Dr. Ashley Bernotas: Yeah. No. And obviously, I don't prescribe below the FDA limit. So, I do have some patients who don't quite meet that. However, let's say they've met it in the past. So, I do have some patients who've had bariatric surgery. And they're starting to creep back up. So then, we talk about, "Okay, well, their BMI was 43." They may be at like, you know, 26.9. I say, "Okay, come back. We're going to keep on monitoring you. If it gets into higher than 27, then we'll talk about medications, if that's what you really want," because they do want to maintain a lower body fat percentage and kind of a lower BMI.
Host: We hear all of the different names, the different brand names. I always wonder what is the difference between them. I see the commercial for this one, the commercial for that one, and I'm like, I know a friend who's on this one. Somebody else is talking about that. How do you know which one to go with? How do you prescribe, you know, one shot versus another, or one dose versus another?
Dr. Ashley Bernotas: Yeah. I would say the best medications out there currently are the injectables. Bariatric surgery is still the number one form of weight loss. And then, second to that are the injectables, and then we get into the oral medications. And so, I tell patients really, "If your insurance will cover the injectables, that is your best bet." That is the once-a-week injection, fewest side effects, and the largest amount of weight loss. And there are four main ones. I call them sisters and cousins. So, Ozempic and Wegovy are sisters. They're the exact same medication. They just have different names. Ozempic is for patients with diabetes and Wegovy is for patients without diabetes.
Host: Okay.
Dr. Ashley Bernotas: And then, there's their cousin, Mounjaro and Zepbound. And Mounjaro is for patients with diabetes and Zepbound is for patients without diabetes. And so, those are the four injectables that are on the market currently.
Host: You mentioned side effects. What are we talking in terms of side effects?
Dr. Ashley Bernotas: So, I actually find that the side effects aren't as bad as people say, and I don't know if that's just, you know, patient dependent. My patients don't seem to have a lot of side effects.
Host: Yeah. We always focus on the negative too.
Dr. Ashley Bernotas: We do, but I don't increase very quickly. I increase based on how the patient feels, and I'm not just increasing without talking to the patient and seeing how they're feeling on the medication. So, I think that helps as well. But the biggest side effect is nausea. The second one would be constipation. And those are pretty much the top two that I hear of. Sometimes patients will get these sulfur burps that they talk about as they get higher on the doses of medications, and they do go away. It's very dose dependent. Some people don't get them at all. You know, it's very interesting.

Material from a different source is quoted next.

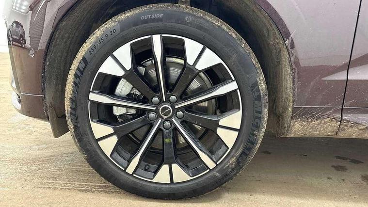 11.2" centre console touch screen, 12.3" Progressive Driver Display, 360 degree surround view parking camera with side proximity sensors, Adaptive cruise control, Adjustable steering wheel force, Android auto (Wired), Apple carplay (wired), Bluetooth handsfree system, Driver alert control with lane keeping aid, Emergency services call system, Front and rear park assist, Google Automotive Services, Intelligent speed assistance, Oncoming Lane Mitigation, PAS, Power operated tailgate with handsfree opening and closing, Service interval indicator, Speed limiter, Speed sensitive steering, Trip computer, Volvo cars services with app, Volvo on call with App, Wireless/Inductive Mobile Phone Charging, 8 speed automatic transmission with start/stop + manual change functions, DAB Digital radio, Premium Sound by Harman Kardon, dirac unison, dolby pro logic II surround sound, 13 speakers/600W output and fresh air subwoofer, Steering wheel remote infotainment controls, Adaptive brake lights with high level LED brake lights, Auto dimming interior + exterior mirrors, Automatic headlight levelling system, Automatic LED Headlights + Active high beam incorporating daytime running lights, Electric adjustable/heated/auto power folding door mirrors, Electric front+rear windows, Front aluminium tread plates, Heated front windscreen, High gloss black door mirrors and window surround, High gloss black front and rear bumper decoratives, High gloss black mesh front grille with high gloss black surround, Home safe and approach lighting, Integrated roof rails in high gloss black, Puddle lights, Rain sensor with automatic windscreen wiper activation, Rear side wing doors, Rear wiper, Roof antenna, Roof spoiler, Tinted windscreen, Visible VIN plate, 12V socket in front tunnel console and luggage compartment, 3 seat bench in 2nd row, 3 Spoke tailored steering wheel with chrome trim, 4 Zone electronic climate control, A-pillar parking ticket holder, Air purifier particulate matter (PM) 2.5 filter, B Pillar ventilation, Bright metal luggage scuff plate, Centre console cupholders and storage, Charcoal floor mats, Front and rear courtesy lights, Front and rear door pocket illumination, Front cupholder illumination, Front footwell illumination, Front reading lights, Front seat cushion extensions, Glovebox compartment with illumination, Head restraints for all seats, Heated front seats, Heated steering wheel, Height/reach adjustable steering column, Illuminated luggage compartment, Illuminated vanity mirrors + ticket holder, Inner door release handle illumination, ISOFIX attachment on outer rear seats, Load cover, Load protection net, Multi directional lumbar support, Power driver seat with memory + exterior mirrors memory, Power height adjustable passenger seat, Power passenger seat with memory, Quilted nordico leather upholstery, Rear armrest with cupholder, Rear footwell and front and rear side step illumination, Rear reading lights, Rear seat concealed storage, Single front passenger seat, Tailgate illumination and ambient door lighting, Underfloor stowage compartment, Versatile split folding rear seat - 60/40, Driver assist pack without Adaptive cruise control - XC60, 5 three point seatbelts, City safety with steering support with Pedestrian + cyclist + front collision warning with full auto brake and rear auto brake, Drivers knee airbag, Dual stage driver/passenger airbags, Electronic parking brake with auto hold, First aid kit, Front seats SIPS airbags, Hill descent control - Off-road drive mode, Hill start assist, IC (Inflatable Curtains) - Full Length, Passenger airbag cut-off device, Power child locks on rear doors, Road sign information display, Run off Road Mitigation, Run off Road Protection, Seatbelt reminder and pretensioners, SIPS (Side Impact Protection System), Slippery road and hazard light alert, Stability and Traction Control with Spin control, Engine Drag Control and Corner Traction Control, Tyre pressure monitoring system, Vehicle deceleration control with Anti-lock Brake System, Electronic Brake Distribution and Emergency Brake Assist, Warning triangle, WHIPS whiplash protection system - front, Anti-theft alarm including immobiliser/volume sensor + level sensor, Key integrated remote control central locking + fuel flap with deadlocking system and auto open/close power windows, Keyless Drive (includes Keyless Entry and Keyless Start), Locking wheel nuts, Private locking for tailgate, Summer tyres,

Host: And that's why they communicate with you because then you can adjust where needed, right?
Dr. Ashley Bernotas: Exactly.
Host: Long-term side effects. You know, I'm the type of person that I listen to the drug commercials. And immediately, you go to the negative and they run down the list of, you know, all of the possible things that it could cause, you know, for X, Y, Z medication, you know, and/or including death. And I feel like we focus on the worst of the worst. I hear cancer, thyroid cancer, with some of these medications. What is the actual risk when it comes to the injectables and some of the more serious things?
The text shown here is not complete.